1. se il matrimonio è stato celebrato nel territorio diocesano;
2. se entrambi i coniugi (o anche uno solo di essi) è domiciliato dal punto di vista canonico nel territorio diocesano;
3. se la maggior parte delle prove deve essere raccolta nel territorio della Diocesi.
La sussistenza di quest’ultimo titolo di competenza (n. 3), come pure l’esatta delimitazione del concetto canonico di domicilio (e quasi-domicilio) dovranno essere valutate in sede di “consulenza per l’introduzione” della causa.
Il Tribunale ecclesiastico può solo verificare se un matrimonio è stato celebrato validamente oppure se era nullo fin dall’origine – cioè non è in realtà mai “nato”, nonostante le apparenze – per la mancanza di alcuni requisiti del matrimonio, così come compreso dall’ordinamento delle Chiesa Cattolica, o la presenza di elementi contrari alla sua natura, e questo stabiliscono le sue sentenze, che perciò, nel caso il matrimonio non sia ritenuto valido, devono essere correttamente definite come dichiarazioni di nullità.
La terminologia corrente di “annullamento del matrimonio” non è pertanto esatta e può trarre in inganno, facendo pensare che venga annullato, cioè sciolto, un matrimonio validamente contratto (come se si trattasse di un divorzio).

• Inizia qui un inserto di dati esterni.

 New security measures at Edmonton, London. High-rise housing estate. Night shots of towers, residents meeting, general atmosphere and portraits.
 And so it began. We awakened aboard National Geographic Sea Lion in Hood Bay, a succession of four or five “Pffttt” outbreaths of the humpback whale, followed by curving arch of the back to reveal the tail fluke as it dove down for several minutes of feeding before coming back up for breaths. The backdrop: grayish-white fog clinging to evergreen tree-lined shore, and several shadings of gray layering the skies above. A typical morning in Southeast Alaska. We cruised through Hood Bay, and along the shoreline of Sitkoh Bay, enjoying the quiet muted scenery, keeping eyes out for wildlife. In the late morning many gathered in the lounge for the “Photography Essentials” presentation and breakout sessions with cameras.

La Chiesa non può sciogliere un matrimonio valido (in quanto tale indissolubile), anche di fronte al suo eventuale fallimento: può solo investigare se il fallimento non sia la conseguenza, in quel caso concreto, del fatto che il matrimonio non fosse valido già in partenza.

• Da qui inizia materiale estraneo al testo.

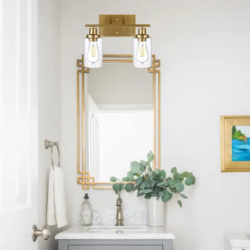 ¿Para qué sirve Brass Bathroom Vanity Light 2 Light Farmhouse Bathroom Lighting Fixtures Over Bath Makeup Mirror Wall Sconce with Clear Glass Shades for Bathroom?

Occorre interpellare una persona veramente esperta in Diritto Canonico matrimoniale per analizzare la propria vicenda e verificare se vi sono elementi che giustifichino l’introduzione di una causa di nullità (si veda: “consulenza preliminare” e “consulenza per l’introduzione della causa”.
Il Tribunale è competente a giudicare della validità o nullità del matrimonio anche tra una persona battezzata ed una non battezzata, come pure di quello tra due persone non battezzate.
In questi casi possono ricorrere anche le circostanze per possibilità particolari di scioglimento del matrimonio (detto “in favorem fidei”) troppo complesse per essere qui illustrate in dettaglio e da approfondirsi in sede di consulenza.